Outperformance Rules the Day Again
With servicing costs rising along with delinquency and default rates, people in the industry may be looking for a silver lining. For some big lenders, it's been hedging "outperformance."
Outperformance is really just another way of saying that a lender's hedging strategy missed the mark because of changing economic conditions. The good news is that this time dislocation in the capital markets hasn't hurt servicers, it has indirectly helped them on the hedging front.
Countrywide has suffered through many more bad news headlines than good ones lately, so let's highlight its hedging performance for the first quarter of this year. Lower interest rates forced Countrywide to reduce the fair value of its mortgage servicing rights by a stunning $1.56 billion as of March 31. But the company simultaneously posted hedging gains of $1.66 billion. That $109 million in hedging outperformance was a welcome bright spot on the company's first-quarter earnings report, a quarter in which Countrywide suffered a net loss of $883 million. It's the second time in a row that hedging outperformance has helped Countrywide stanch some of its losses. In the fourth quarter of 2007, Countrywide posted a $451 million gain from valuation changes in the net value of MSRs, net of hedging. Then, as now, the MSR values declined but not as much as the value of hedging instruments rose.
At Washington Mutual, the situation was similar, with the net gain in MSR values and related hedging dropping from the fourth quarter but still creating a benefit for the company.
Despite seeing the value of WaMu's MSR asset decline from $6.3 billion at year-end to $5.7 billion at the end of the first quarter, the company said that net of risk management activities, it was able to post a $289 million net gain from loan servicing. Still, WaMu warned that the cost of MSR hedging increased during the quarter.
Wells Fargo, which owns the industry's largest MSR portfolio covering $1.53 trillion of home loans, also reported that hedging costs rose in the first quarter of this year.

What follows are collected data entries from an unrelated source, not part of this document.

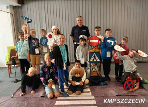 Funkcjonariusz Wydziału Ruchu Drogowego Komendy Miejskiej Policji w Szczecinie spotkał się z dziećmi uczestniczącymi w półkolonii organizowanej w Klubie 12. Szczecińskiej Dywizji Zmechanizowanej.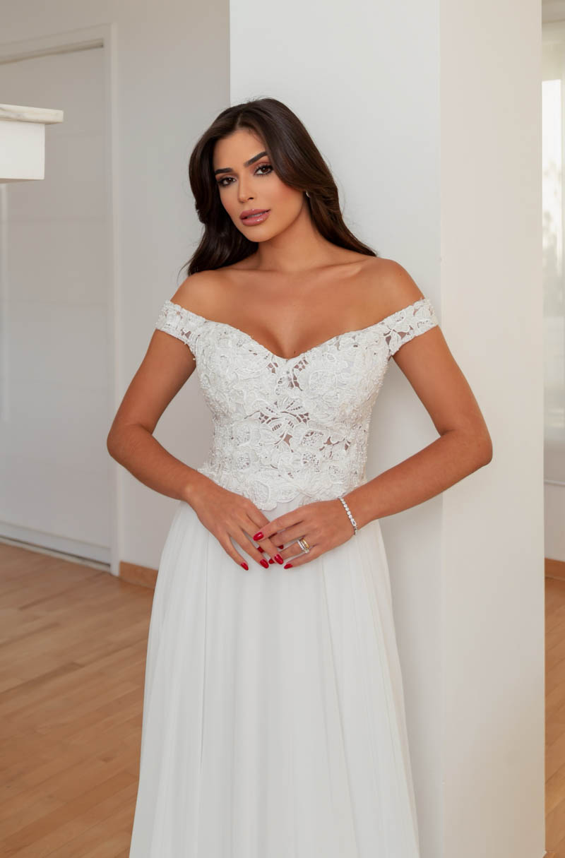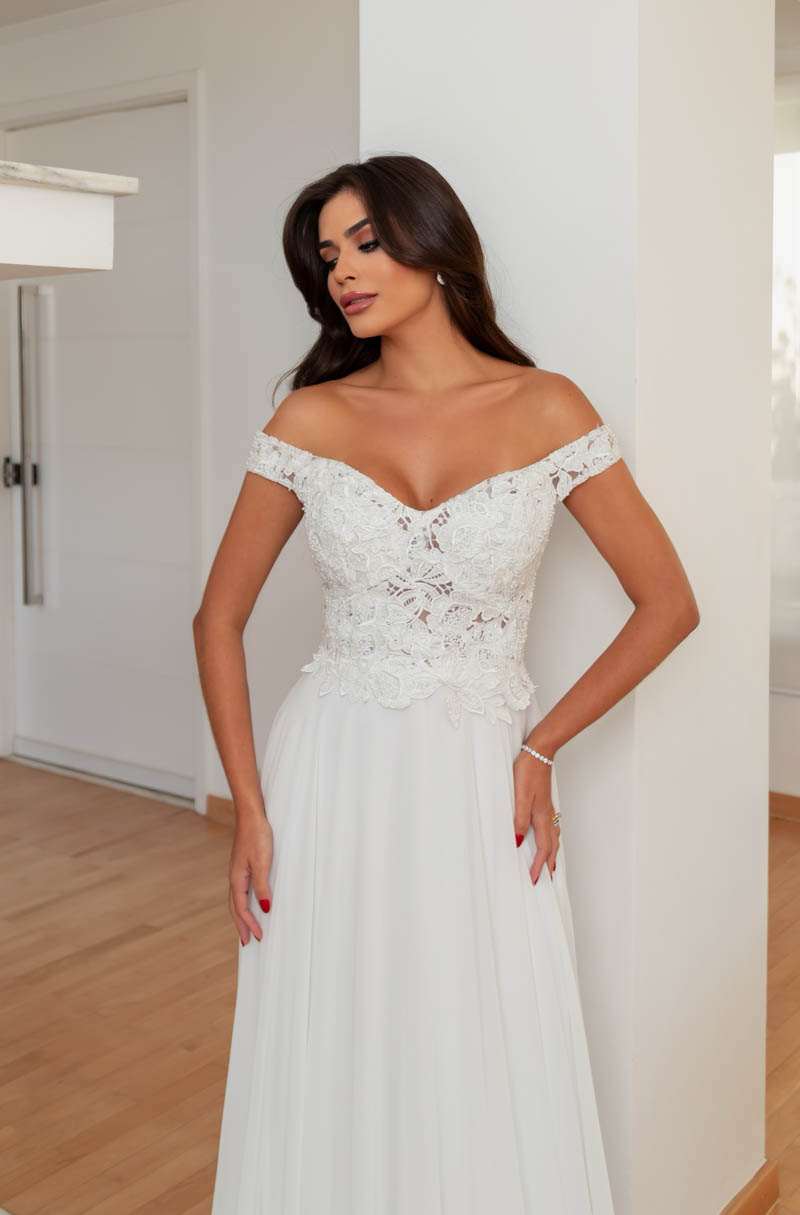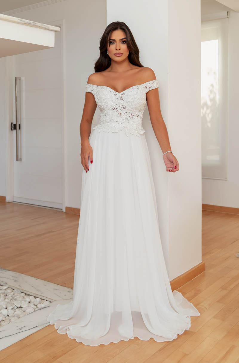 Vestido Cecelia Noiva busto bordado ombro a ombro e saia chiffon rodada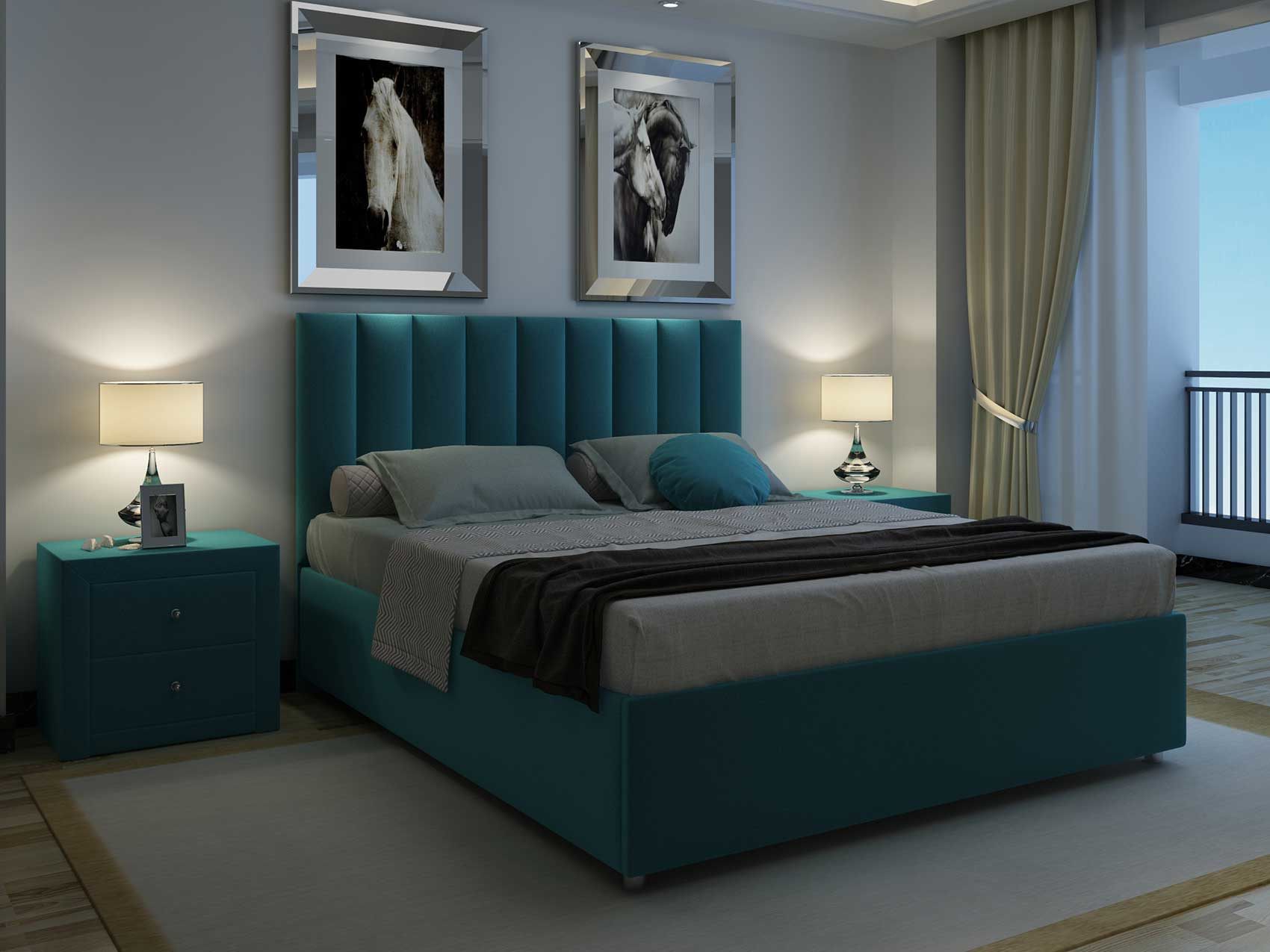 Каркас кровати изготовлен из прочного ДСП и дополнен удобными круглыми ножками. Покрытие кровати – велюр.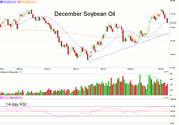 Looking at the daily chart for December Soybean Oil, we notice what appears to be a double-top formation, with the September 4th highs taking out the previous highs made back in April, but the market failed to hold at these lofty price levels. Prices are attempting to hold above the 20-day moving average, and this indicator looks to be acting as a support point for the December futures. The 14-day RSI has bumped-up against the 70 level, but has now turned lower and is currently reading a more neutral 52.68. Support is seen at the August 29th low of 55.67, with resistance found at the recent high of 58.60.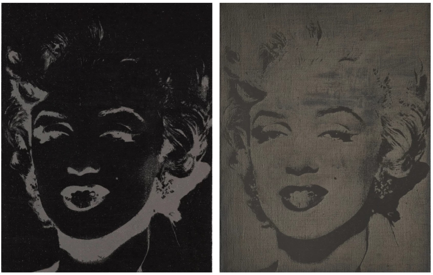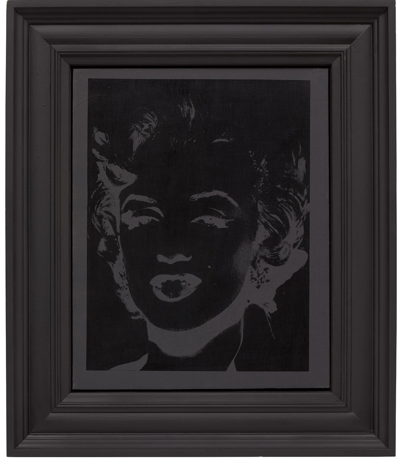 In the present work Marilyn’s visage emerges through shadow, recalling her presence on the silver screen that propelled her to global stardom. Yet here, the glamour appears diminished; the silver and black tones possess a delicate fragility, mirroring the transience of both life and fame. Her image was endlessly reproducible and perpetually desirable, yet shadowed by its own transience. Monroe represented the central logic of Pop Art: the conversion of ephemerality into iconography, and private suffering into public spectacle. In Marilyn (Reversal) we see the dematerialization of Munroe, as her image hovers in between absence and presence, suffused with darkness. Warhol identified Monroe as the ultimate artifact of mass culture and as a figure who epitomized this volatility between brand and personhood. Through Warhol’s silkscreen practice he replaced expressive artistic gesture with mechanical reproduction, mirroring the processes by which mass media transforms singular identities into reproducible, exchangeable images. His 1962 Marilyn series marked one of his earliest uses of the technique; thus in the present work we see Warhol call upon both the imagery and practice that defined the 1960s.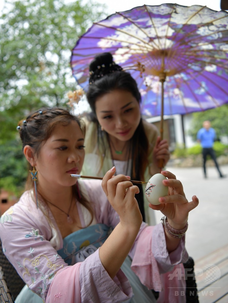 【5月30日 CNS】三大節句の一つに数えられる端午節を翌日に控え、中国四川(Sichuan)省楽山(Leshan)市では29日、古代漢民族の衣装を身に着けた観光客らが、巨大仏「楽山大仏(Leshan Giant Buddha)」周辺や嘉定坊街(Jiading Square Street)を行き交った。若い男女たちは手を清めて、線香を立てたり、香り袋を作ったり、卵に絵を描いたり、ちまきを包んだりと、古代の礼儀を習い、端午節の伝統を体験した。(c)CNS/JCM/AFPBB News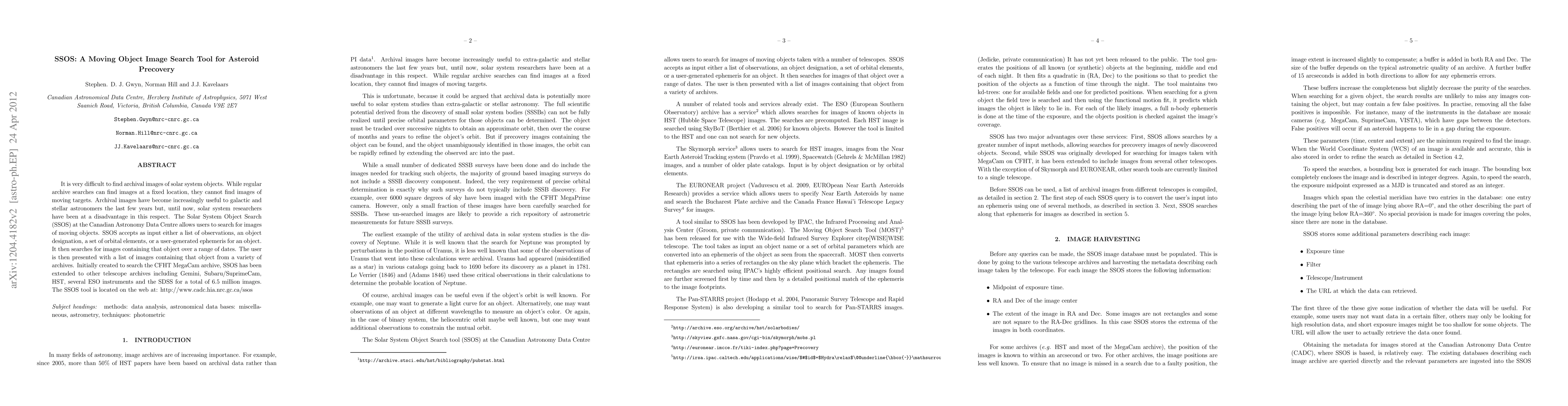 It is very difficult to find archival images of solar system objects. While regular archive searches can find images at a fixed location, they cannot find images of moving targets. Archival images have become increasingly useful to galactic and stellar astronomers the last few years but, until now, solar system researchers have been at a disadvantage in this respect. The Solar System Object Search (SSOS) at the Canadian Astronomy Data Centre allows users to search for images of moving objects. SSOS accepts as input either a list of observations, an object designation, a set of orbital elements, or a user-generated ephemeris for an object. It then searches for images containing that object over a range of dates. The user is then presented with a list of images containing that object from a variety of archives. Initially created to search the CFHT MegaCam archive, SSOS has been extended to other telescope archives including Gemini, Subaru/SuprimeCam, HST, several ESO instruments and the SDSS for a total of 6.5 million images. The SSOS tool is located on the web at: http://www.cadc.hia.nrc.gc.ca/ssos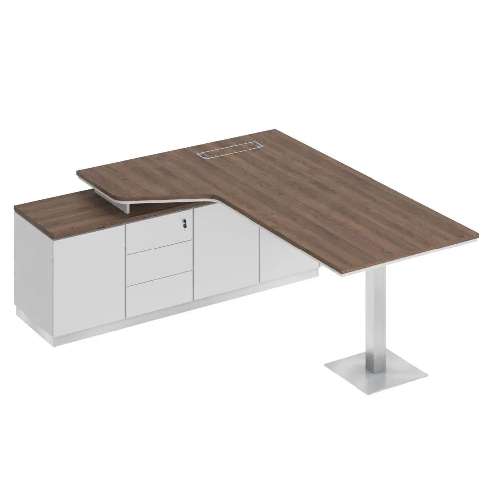 Стол руководителя эргономичный на опорной тумбе левый дуб тёмный/белый/белый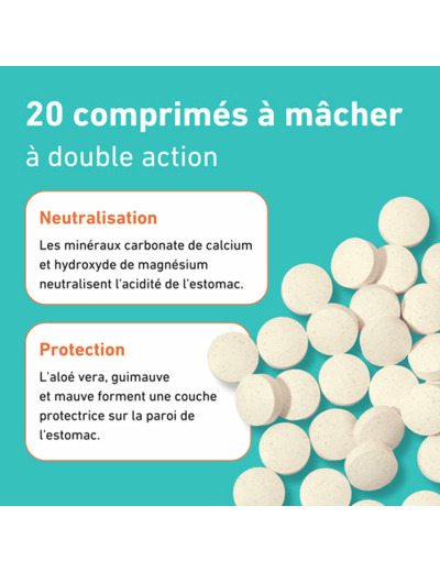 Ponctuel : Mâchez lentement 1 comprimé lors d’une crise de brûlures d’estomac ou de reflux.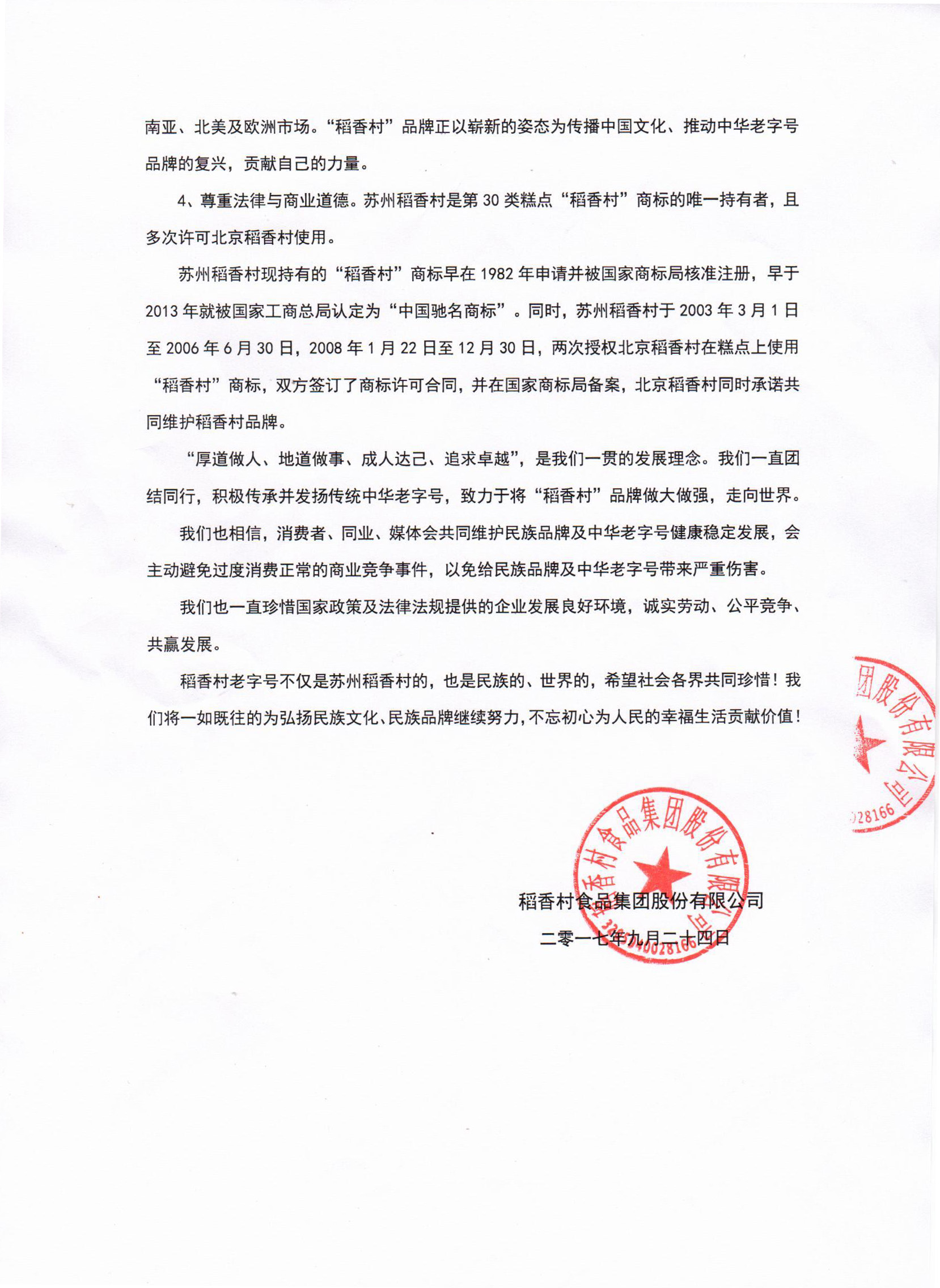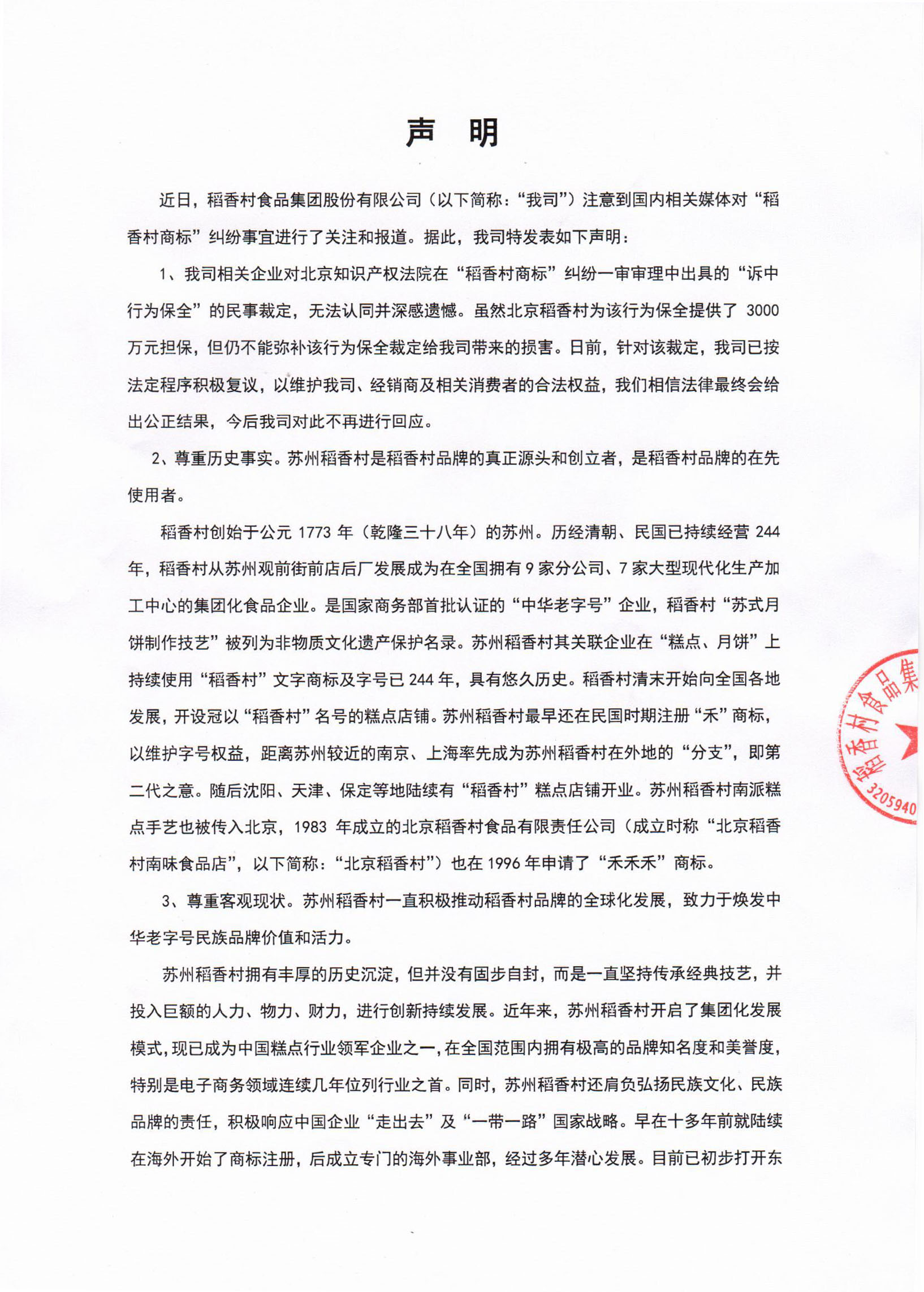 稻香村集團(tuán)關(guān)于“稻香村商標(biāo)”糾紛事宜的聲明: ???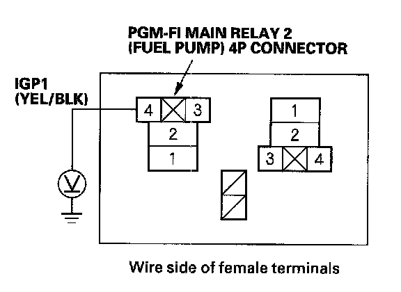 5. Measure voltage between PGM-FI main relay 2 (FUEL PUMP) 4P connector terminal No. 1 and body ground.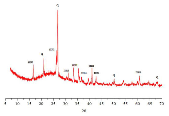 The XRD analysis is shown in Figure 6 allowed to verify that FA comprises mullite minerals (mu = 3Al2O3SiO2) and quartz (q = SiO2). The XRF analysis shown in Table 2 indicated that the predominant oxides in the FA are silica (51.50%), alumina (23.10%) and iron (23%). The high composition of silica and alumina confirms the predisposition of fly ash in the alkaline activation process, representing a source of available aluminosilicates (SiO2 + Al2O3) of approximately 75%. Due to the reduced reactivity of the mine tailings (SiO2 + Al2O3 = 30.71%), implementing fly ash as a precursor material is essential in developing the geopolymeric reactions for the alkaline activation process. Finally, the SEM images showed that the FA was regular, with tendentially spherical particles (Figure 7).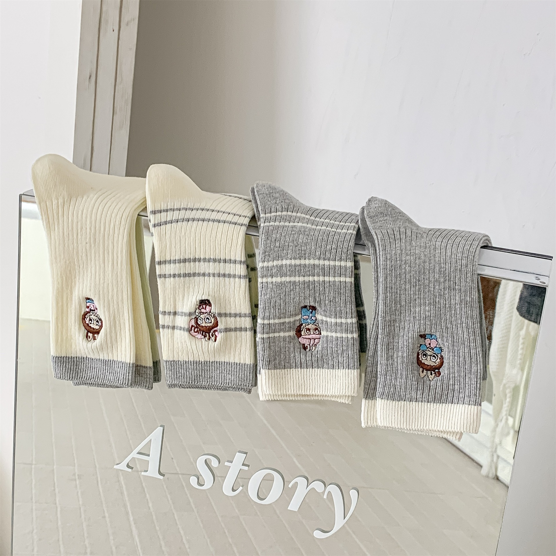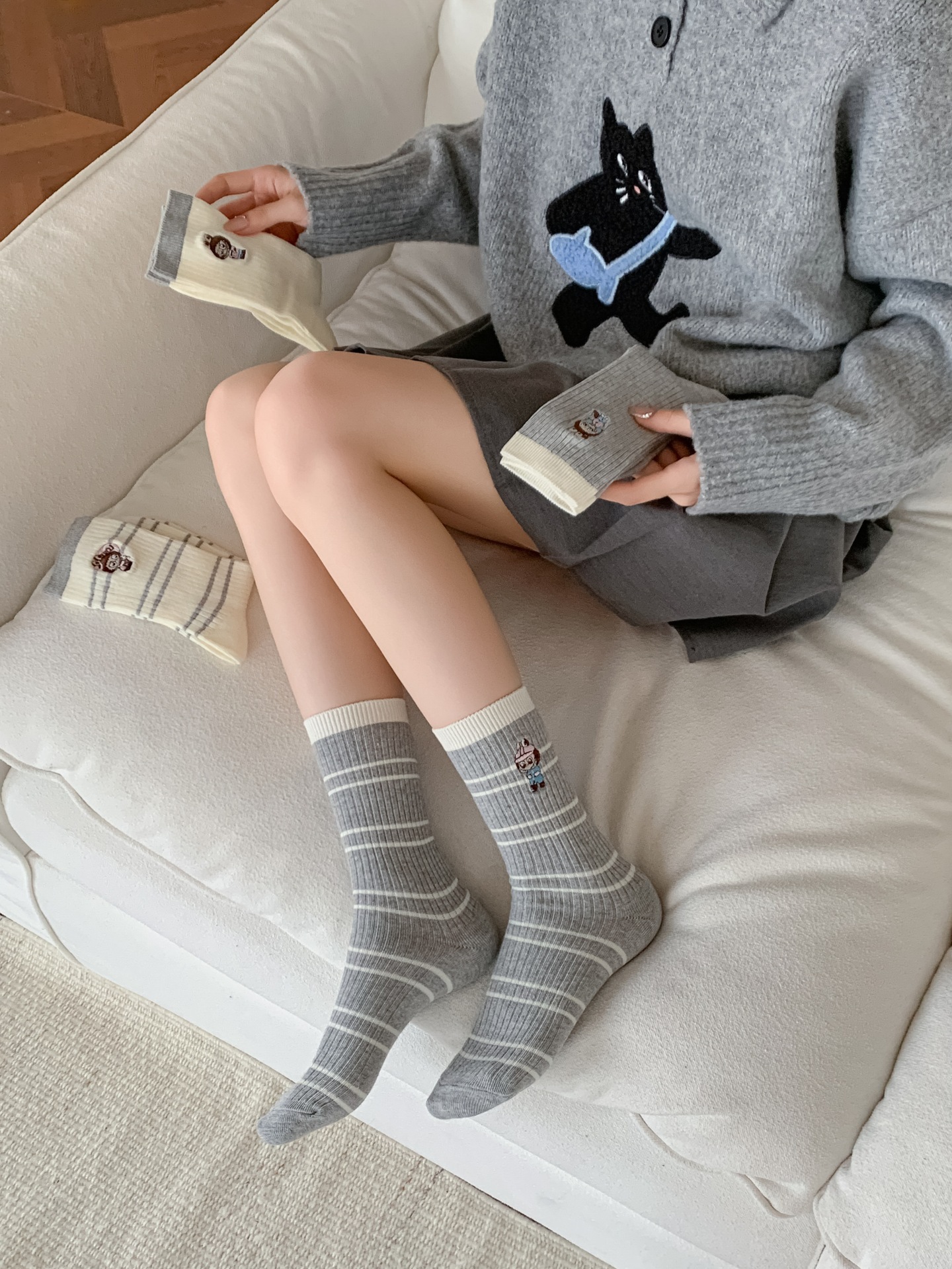 秋冬新品袜子女灰色日系ins卡通棉中筒袜可爱四季韩版学院风女袜

Howard Atkins, Wells Fargo's chief financial officer, hinted in a recorded call for investors that the company's MSR interest rate management could have been worse. He said the first quarter "turned out to be one of the more challenging quarters for hedging the accounting risk in MSRs, with significantly more pronounced and more frequent changes in interest rates and mortgage credit spreads throughout the quarter."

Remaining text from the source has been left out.